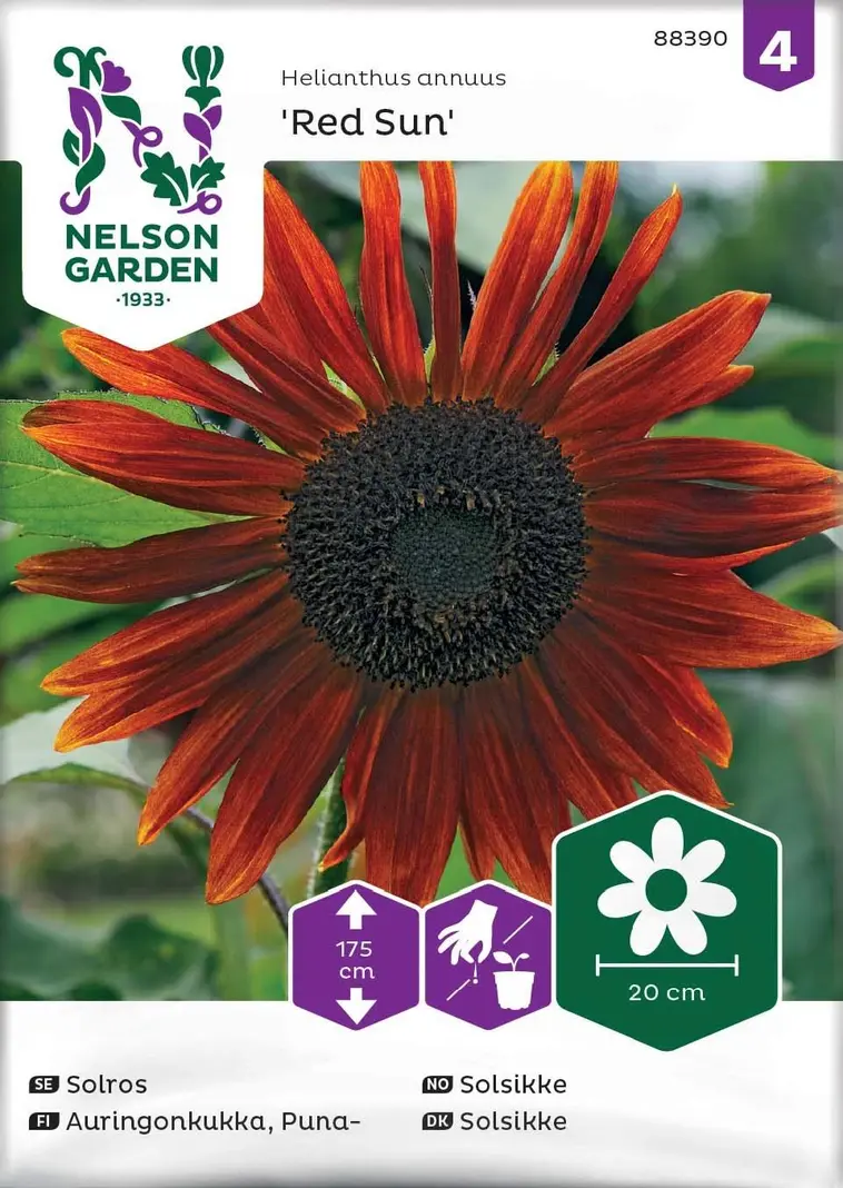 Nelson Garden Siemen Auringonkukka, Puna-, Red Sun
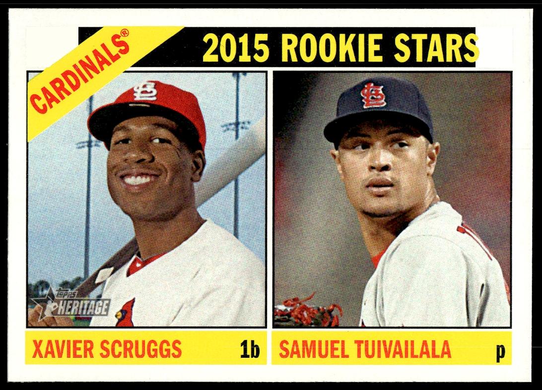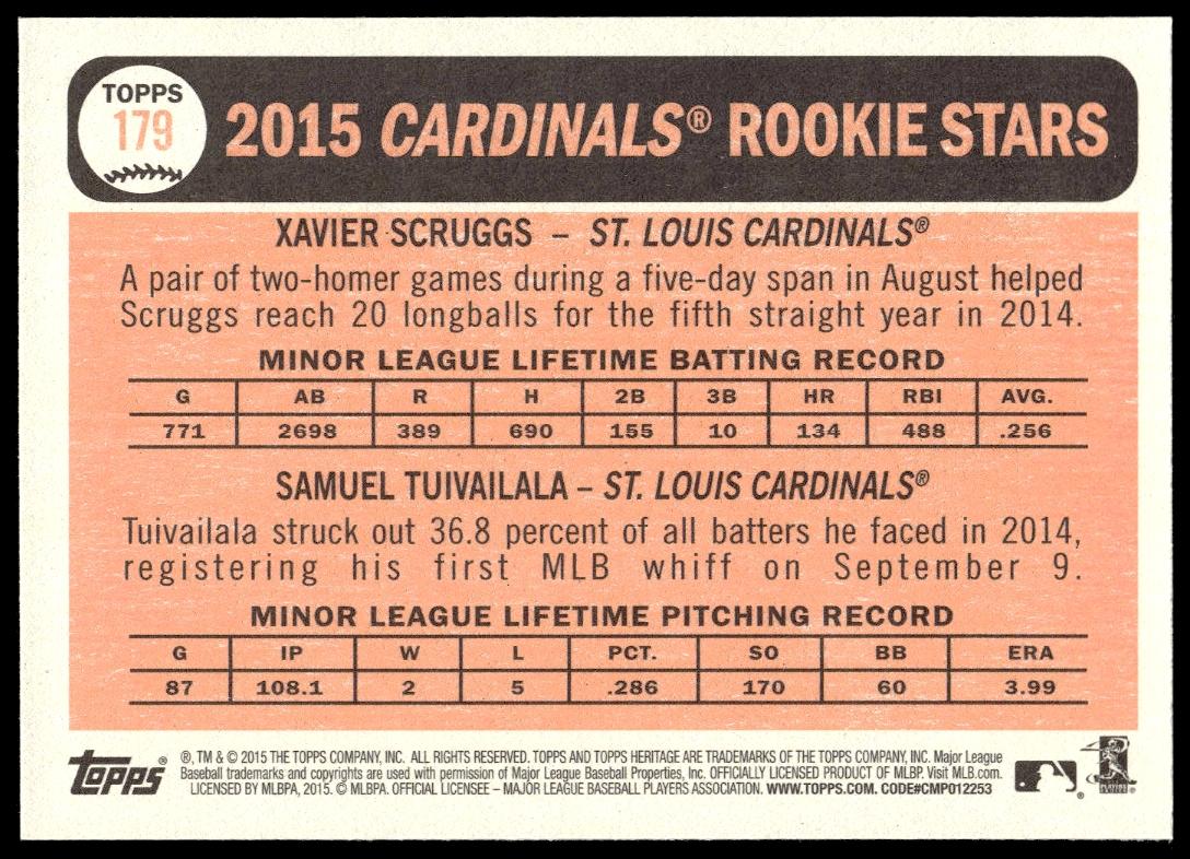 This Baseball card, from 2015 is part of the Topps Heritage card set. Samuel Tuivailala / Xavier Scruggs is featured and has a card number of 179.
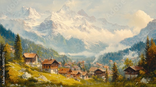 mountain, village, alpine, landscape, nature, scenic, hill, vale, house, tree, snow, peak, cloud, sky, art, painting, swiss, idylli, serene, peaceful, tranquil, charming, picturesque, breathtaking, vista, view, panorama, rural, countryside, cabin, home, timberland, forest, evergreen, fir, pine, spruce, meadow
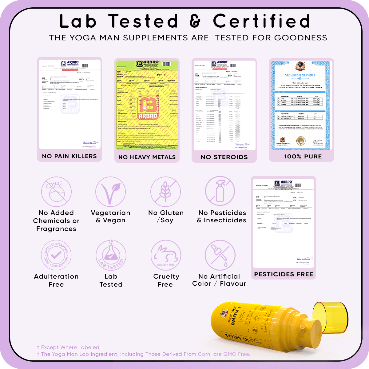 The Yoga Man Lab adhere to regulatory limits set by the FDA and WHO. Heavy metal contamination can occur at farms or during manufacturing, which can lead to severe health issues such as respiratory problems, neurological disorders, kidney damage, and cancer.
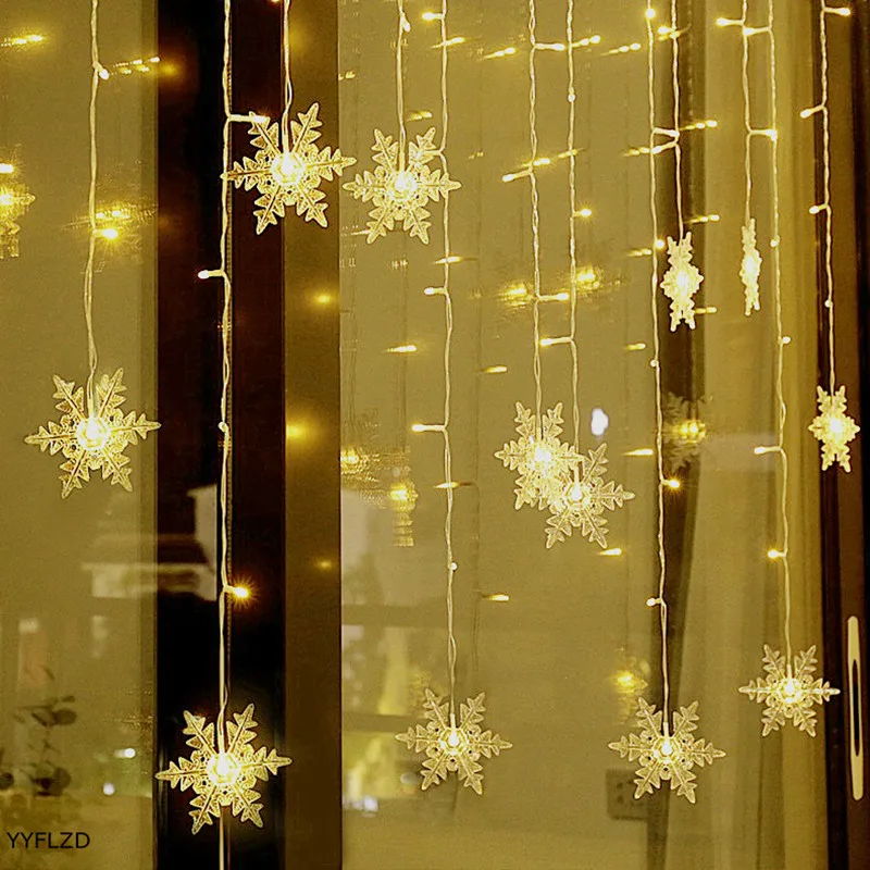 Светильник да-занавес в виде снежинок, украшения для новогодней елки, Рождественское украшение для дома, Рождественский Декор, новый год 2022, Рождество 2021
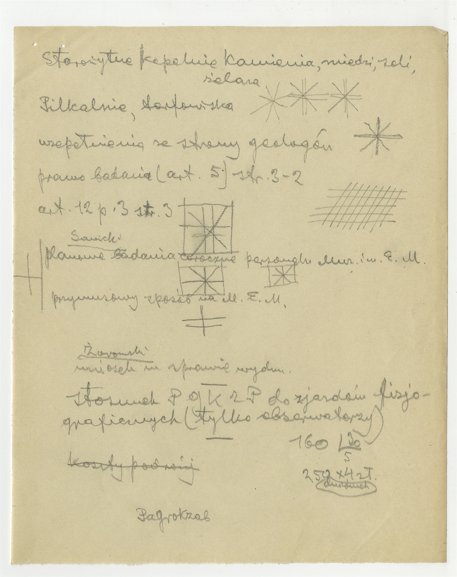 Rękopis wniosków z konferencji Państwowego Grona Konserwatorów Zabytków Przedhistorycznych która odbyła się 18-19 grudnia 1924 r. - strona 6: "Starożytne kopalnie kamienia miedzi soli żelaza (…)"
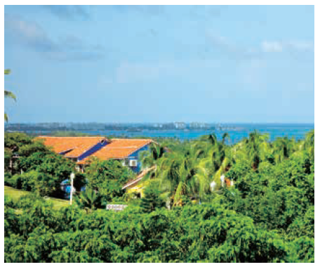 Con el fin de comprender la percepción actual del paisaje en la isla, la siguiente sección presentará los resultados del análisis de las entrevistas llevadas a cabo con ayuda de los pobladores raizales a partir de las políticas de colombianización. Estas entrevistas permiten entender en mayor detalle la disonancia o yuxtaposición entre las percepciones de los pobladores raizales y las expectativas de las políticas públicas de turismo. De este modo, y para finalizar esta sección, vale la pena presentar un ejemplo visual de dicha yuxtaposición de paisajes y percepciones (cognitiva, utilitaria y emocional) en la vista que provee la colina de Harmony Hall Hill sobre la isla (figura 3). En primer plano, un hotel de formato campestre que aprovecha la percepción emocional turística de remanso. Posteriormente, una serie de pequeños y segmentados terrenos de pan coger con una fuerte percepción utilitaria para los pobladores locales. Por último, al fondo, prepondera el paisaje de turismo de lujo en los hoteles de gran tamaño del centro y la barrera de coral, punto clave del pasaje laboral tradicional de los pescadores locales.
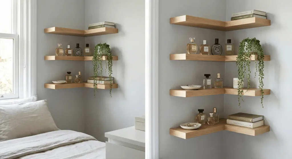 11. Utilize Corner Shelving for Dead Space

* * *

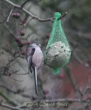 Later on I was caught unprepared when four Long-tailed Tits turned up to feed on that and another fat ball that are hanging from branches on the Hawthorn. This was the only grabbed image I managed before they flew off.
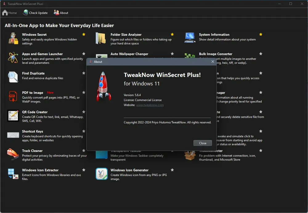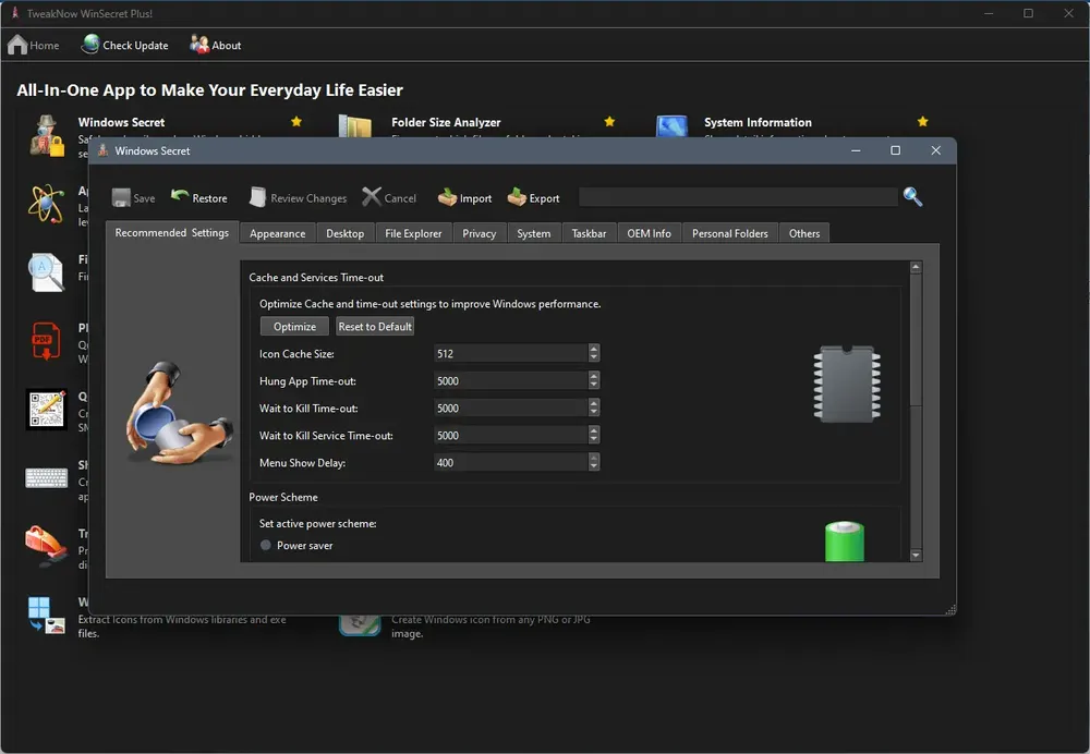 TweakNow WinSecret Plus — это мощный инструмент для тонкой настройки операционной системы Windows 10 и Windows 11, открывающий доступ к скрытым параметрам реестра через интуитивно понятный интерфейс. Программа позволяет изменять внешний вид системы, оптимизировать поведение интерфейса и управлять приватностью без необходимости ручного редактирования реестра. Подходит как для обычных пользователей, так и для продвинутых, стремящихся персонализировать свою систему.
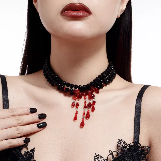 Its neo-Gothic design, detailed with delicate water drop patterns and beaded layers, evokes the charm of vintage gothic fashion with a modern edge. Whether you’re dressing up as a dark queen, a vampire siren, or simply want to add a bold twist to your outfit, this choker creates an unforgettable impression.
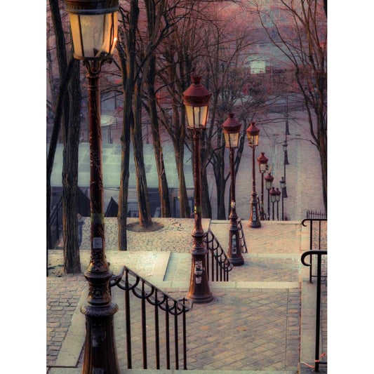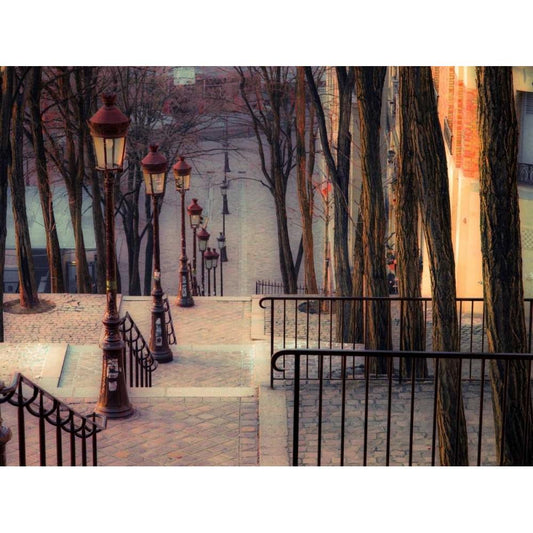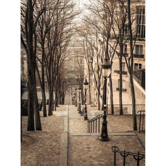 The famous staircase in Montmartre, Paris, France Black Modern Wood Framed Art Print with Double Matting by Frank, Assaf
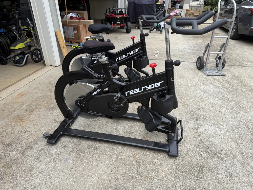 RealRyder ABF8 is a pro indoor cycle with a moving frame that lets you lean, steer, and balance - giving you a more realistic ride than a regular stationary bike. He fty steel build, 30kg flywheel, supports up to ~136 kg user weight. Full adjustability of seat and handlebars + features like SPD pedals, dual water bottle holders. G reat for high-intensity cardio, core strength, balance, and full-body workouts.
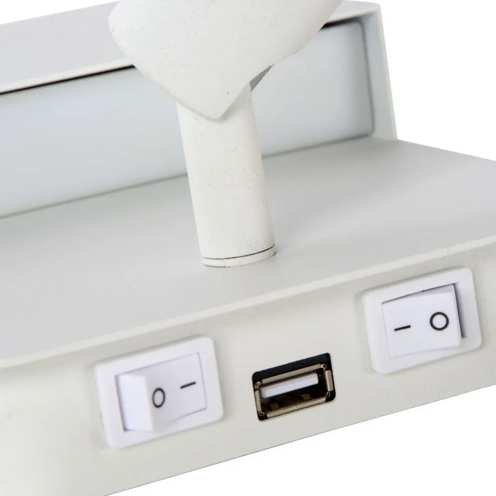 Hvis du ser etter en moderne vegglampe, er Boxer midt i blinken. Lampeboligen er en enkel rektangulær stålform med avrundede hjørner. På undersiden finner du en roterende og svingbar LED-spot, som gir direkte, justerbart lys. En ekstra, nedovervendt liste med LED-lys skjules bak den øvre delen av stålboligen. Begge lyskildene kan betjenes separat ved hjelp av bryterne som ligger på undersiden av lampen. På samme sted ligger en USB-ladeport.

---

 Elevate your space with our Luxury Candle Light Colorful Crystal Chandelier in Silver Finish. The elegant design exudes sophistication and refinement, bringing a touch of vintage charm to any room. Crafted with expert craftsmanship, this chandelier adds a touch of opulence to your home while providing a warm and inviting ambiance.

→ **Exercise**:
Take the material above and output only the lines from the one that contains "Its neo-Gothic design, detailed" through the one that contains "RealRyder ABF8 is", ends included and images left out.

→ **Written answer**:
 Its neo-Gothic design, detailed with delicate water drop patterns and beaded layers, evokes the charm of vintage gothic fashion with a modern edge. Whether you’re dressing up as a dark queen, a vampire siren, or simply want to add a bold twist to your outfit, this choker creates an unforgettable impression.
 The famous staircase in Montmartre, Paris, France Black Modern Wood Framed Art Print with Double Matting by Frank, Assaf
 RealRyder ABF8 is a pro indoor cycle with a moving frame that lets you lean, steer, and balance - giving you a more realistic ride than a regular stationary bike. He fty steel build, 30kg flywheel, supports up to ~136 kg user weight. Full adjustability of seat and handlebars + features like SPD pedals, dual water bottle holders. G reat for high-intensity cardio, core strength, balance, and full-body workouts.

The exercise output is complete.